The biggest hurdle is in moving from category 1 to category 2. Once you're at category 2, your hardest work is behind you, and you and your business will have exactly the information you'll need for deciding whether to move on to category 3 or 4.

Friday, July 11, 2008

So how do you FIX the problems that "Performance as a Service" helps you find?

I want to respond carefully to Reubin's comment on my Performance as a Service post from July 7. Reuben asked:

i can see how you actually determine for a customer where the pain points are and you can validate user remarks about poor performance. But i don't see from your post how you are going to attack the problem of fixing the performance issue.

i would be most interested in hearing your thoughts on that. I wonder if you guys are going to touch the actual code behind the "order button" you described.

Under the service model I described in the Performance as a Service post, a client using our performance service would have several choices about how to respond to a problem. They could contract our team as consultants; they could use someone else; they could do it themselves; or of course, they could choose to defer the solution.

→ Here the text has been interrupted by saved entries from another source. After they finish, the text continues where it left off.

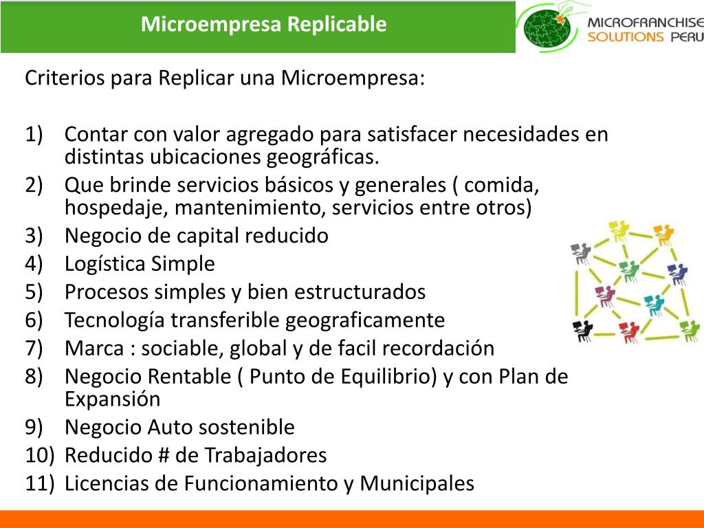 Microempresa Replicable Criterios para Replicar una Microempresa: Contar con valor agregado para satisfacer necesidades en distintas ubicaciones geográficas. Que brinde servicios básicos y generales ( comida, hospedaje, mantenimiento, servicios entre otros) Negocio de capital reducido Logística Simple Procesos simples y bien estructurados Tecnología transferible geograficamente Marca : sociable, global y de facil recordación Negocio Rentable ( Punto de Equilibrio) y con Plan de Expansión Negocio Auto sostenible Reducido # de Trabajadores Licencias de Funcionamiento y Municipales
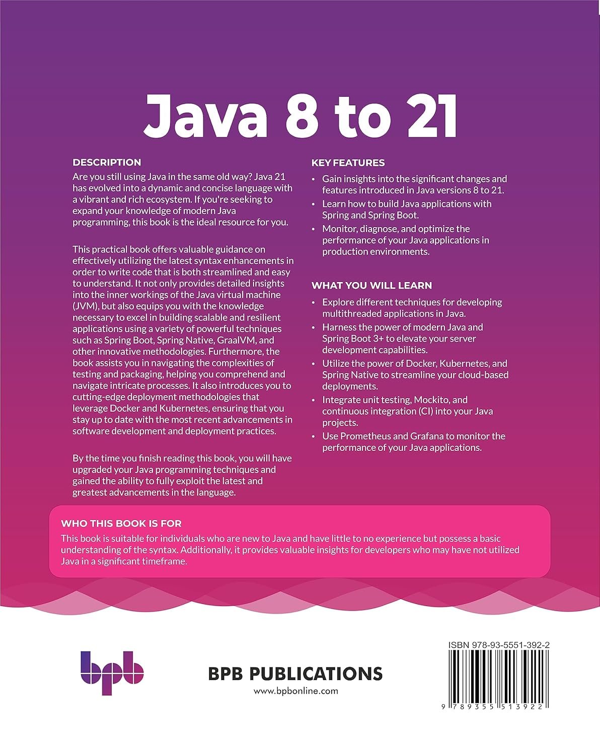 This book is suitable for individuals who are new to Java and have little to no experience but possess a basic understanding of the syntax. Additionally, it provides valuable insights for developers who may have not utilized Java in a significant timeframe.
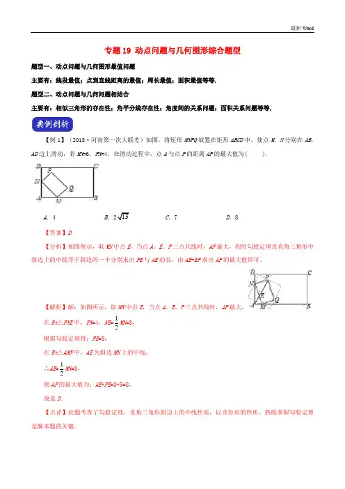 专题19 动点问题与几何图形综合题型题型一、动点问题与几何图形最值问题主要有:线段最值;点到直线距离的最值;周长最值;面积最值等等.题型二、动点问题与几何问题相结合主要有:相似三角形的存在性;角平分线存在性;角度间的关系问题;面积关系问题等等.【例1】(2018·河南第一次大联考)如图,将矩形MNPQ放置在矩形ABCD中,使点M,N分别在AB,AD边上滑动,若MN=6,PN=4,在滑动过程中,点A与点P的距离AP的最大值为( ).A.4 B.C.7 D.8【答案】D.【分析】如图所示,取MN中点E,当点A、E、P三点共线时,AP最大,利用勾股定理及直角三角形中斜边上的中线等于斜边的一半分别求出PE与AE的长,由AE+EP求出AP的最大值即可.【解析】解:如图所示,取MN中点E,当点A、E、P三点共线时,AP最大,在Rt△PNE中,PN=4,NE=12MN=3,根据勾股定理得:PE=5,在Rt△AMN中,AE为斜边MN上的中线,∴AE=12MN=3,则AP的最大值为:AE+PE=3+5=8,故选D.【点评】此题考查了勾股定理,直角三角形斜边上的中线性质,以及矩形的性质,熟练掌握勾股定理是解本题的关键.【变式1-1】(2019·济源一模)如图,△ABC 是等边三角形,AB =3,E 在 AC 上且 AE =23AC ,D 是直线 BC 上一动点,线段 ED 绕点 E 逆时针旋转 90°,得到线段 EF ,当点 D 运动时, 则线段 AF 的最小值是 .【答案】22. 【解析】解:先确定F 点的轨迹,过E 作的直线BC 的平行线,分别过D 、F 作该平行线的垂线,垂足为G ,H , 如图所示,由折叠性质,知△DEG ≌△EFH , ∴EH =DG ,∵△ABC 是等边三角形,AE =2,CE =1, ∴DG =CE ·sin60°=2, 即EH 为定值,∴点F 落在直线FH 上,且FH ⊥BC ,根据垂线段最短,当AF ⊥FH 时,AF 的值最小, 如下图所示,过A 作AN ⊥FH ,延长AC 交FH 于点M ,BAN 的长即为所求线段AF 的最小值,∵EH =DG,∠AMN =30°, ∴EM =2EH∴AM,∴AN =12AM,【例2】(2019·开封二模)如图1,在平面直角坐标系中,直线y =43x ﹣4与抛物线y =43x 2+bx +c 交于坐标轴上两点A 、C ,抛物线与x 轴另一交点为点B ;(1)求抛物线解析式;(2)若动点D 在直线AC 下方的抛物线上,如图2,作DM ⊥直线AC ,垂足为点M ,是否存在点D ,使△CDM 中某个角恰好是∠ACO 的一半?若存在,直接写出点D 的横坐标;若不存在,说明理由.图1 图2【答案】见解析. 【解析】解:(1)在y =43x ﹣4中, 当x =0, y =﹣4,即C (0,﹣4); 当y =0, x =3,即A (3,0);BNM把点A、C坐标代入y=43x2+bx+c,并解得:b=83-,c=-4,∴抛物线解析式为:y=43x283-x-4;(2)存在,作∠ACO的平分线CP交x轴于点P,过P作PH⊥AC于点H,则CH=CO=4,OP=PH,设OP=PH=x,则PA=3﹣x,∵OC=4,OA=3,∴AC=5,AH=1,在Rt△PHA中,PH2+AH2=AP2,即x2+12=(3﹣x)2,解得:x=43,∴tan∠PCH=tan∠PCO=13,①过点D作DG⊥x轴于点G,过点M作ME∥x轴,与y轴交于点E,与DG交于点F.设M(m,43m﹣4),则ME=m,FG=OE=4﹣43m,CE=43m,可得:△CEM∽△MFD,①当∠DCM=12∠ACO时,可得:3CE ME CMMF DF DM ===, 即MF =49m ,DF =13m ,∴DG =DF +GF =13m +4﹣43m =4-m ,EF =EM +FM =139m ,即点D (139m , m -4),将其坐标代入y =43x 283-x -4得:2413813443939m m m ⎛⎫⨯-⨯-=- ⎪⎝⎭, 解得:m =0(舍)或m =1179676, ∴D 点横坐标为:139m =13152.②当∠MDC =12∠ACO =∠PCH 时,同理可得:MF =4m ,DF =3m ,∴EF =EM +MF =m +4m =5m ,DG =DF +FG =3m ﹣43m +4=53m +4,∴D (5m ,﹣53m ﹣4),∴﹣53m ﹣4=()()24855433m m ⨯-⨯-,解得m =0(舍去)或m =720,此时D 点横坐标为:5m =74;综上所述,点D 横坐标为13152或74.【变式2-1】(2019·洛阳模拟)如图,已知抛物线y =13x 2+bx +c 经过△ABC 的三个顶点,其中点A (0,1),点B (9,10),AC ∥x 轴,点P 是直线AC 下方抛物线上的动点.(1)求抛物线的解析式;(2)过点P 且与y 轴平行的直线与直线AB 、AC 分别交于点E 、F ,当四边形AECP 的面积最大时,求点P 的坐标和四边形AECP 的最大面积;(3)当点P 为抛物线的顶点时,在直线AC 上是否存在点Q ,使得以C 、P 、Q 为顶点的三角形与△ABC 相似?若存在,求出点Q 的坐标;若不存在,请说明理由.【答案】见解析.【解析】解:(1)将A (0,1),B (9,10)代入y =13x 2+bx +c 得: 127810c b c =⎧⎨++=⎩,解得:12c b =⎧⎨=-⎩ ∴抛物线的解析式为:y =13x 2-2x +1. (2)由y =13x 2-2x +1知,抛物线的对称轴是x =3, ∵AC ∥x 轴,A (0,1),∴A 与C 关于对称轴对称,C (6,0),AC =6由A (0,1),B (9,10)得直线AB 的解析式为:y =x +1, 设P (m ,13m 2-2m +1),则E (m ,m +1), ∴PE =-13m 2+3m , ∴S 四边形AECP =S △AEC +S △APC=12·AC ·EF +12·AC ·PF =12×6×(-13m 2+3m )l=298124m ⎛⎫--+ ⎪⎝⎭,∴当m =92时,四边形AECP 的面积取最大值814,此时点P (92,54-). (3)存在,点Q 坐标为(4,1)或(-3,1). 由y =13x 2-2x +1知点P (3, -2), ∴PF =3,CF =3,∴∠PCF =45°,同理,∠EAF =45°, 即∠PCF =∠EAF ,由勾股定理得:AB =AC =6,PC = 设Q (n ,1), ①当△CPQ ∽△ABC 时,CQ PCAC AB=,即66n -=t =4, 即Q (4,1).②当△CQP ∽△ABC 时,CQ PCAB AC=,=,解得:t =-3,即Q (-3,1).综上所述,符合题意的点Q 坐标为:(4,1)或(-3,1).1.(2019·济源一模)如图1,在平面直角坐标系中,直线3944y x =-+与x 轴交于点A ,与y 轴交于点B ;抛物线294y ax bx =++(a ≠0)过A ,B 两点,与x 轴交于另一点C (-1,0),抛物线的顶点为D . (1)求抛物线的解析式;(2)在直线AB 上方的抛物线上有一动点E ,求出点E 到直线AB 的距离的最大值;(3)如图2,直线AB 与抛物线的对称轴相交于点F ,点P 在坐标轴上,且点P 到直线 BD ,DF 的距离相等,请直接写出点P 的坐标.图1 图2【答案】见解析.【解析】解:(1)在3944y x =-+中,当x =0时,y =94;当y =0时,x =3,即A (3,0),B (0,94), 将A (3,0),C (-1,0)代入294y ax bx =++得: 99304904a b a b ⎧++=⎪⎪⎨⎪-+=⎪⎩,解得:3432a b ⎧=-⎪⎪⎨⎪=⎪⎩,∴抛物线的解析式为:2339424y x x =-++.(2)过点E 作EM ⊥x 轴交AB 于M ,过E 作EN ⊥AB 于N ,点E 到AB 的距离为EN , 可得△ENM ∽△AOB , ∴EN

Attacking the problem of fixing the performance issue is actually the "easy" part. Well, it's not necessarily always easy, but it's the part that my team have been doing over and over again since the early 1990s. We use Method R. Once we've measured the response time in detail with Oracle's extended SQL trace function, we know exactly where the task is spending the end user's time. From there, I think it's fair to say we (Jeff, Karen, etc.) are pretty skilled at figuring out what to do next.

Sometimes, the root cause of a performance problem requires manipulation of the application source code, and sometimes it doesn't. If you do diagnosis right, you should never have to guess which one it is. A lot of people wonder what happens if it's the code that needs modification, but the application is prepackaged, and therefore the source code is out of your control. In my experience, most vendors are very responsive to improving the performance of their products when they're shown unambiguously how to improve them.

If your application is slow, you should be eager to know exactly why it's slow. You should be equally eager to know, whether you wrote the code yourself or someone else wrote it for you. To avoid collecting the right performance diagnostic data for an application because you're afraid of what you might find out is like taking your hands off the wheel and covering your eyes when a child rides his bike out in front of the car that you're driving. There's significant time-value upon information about performance problems. Even if someone else's code is the reason for your performance problem (or whatever truth you might be afraid of learning), you need to know it as early as possible.

The SLA Manager service I talked about is so important because the most difficult part of using Method R is usually the data collection step. The difficulty is almost always more political than technical. It's overcoming the question, "Why should we change the way we collect our data?" I believe the business value of knowing how long your computer system takes to execute tasks for your business is important enough that it will get people into the habit of measuring response time. ...Which is a vital step in solving the data collection problem that's at the heart of every persistent performance problem I've ever seen. I believe the data collection service that I described will help remove the most important remaining barrier to highly manageable application software performance in our market.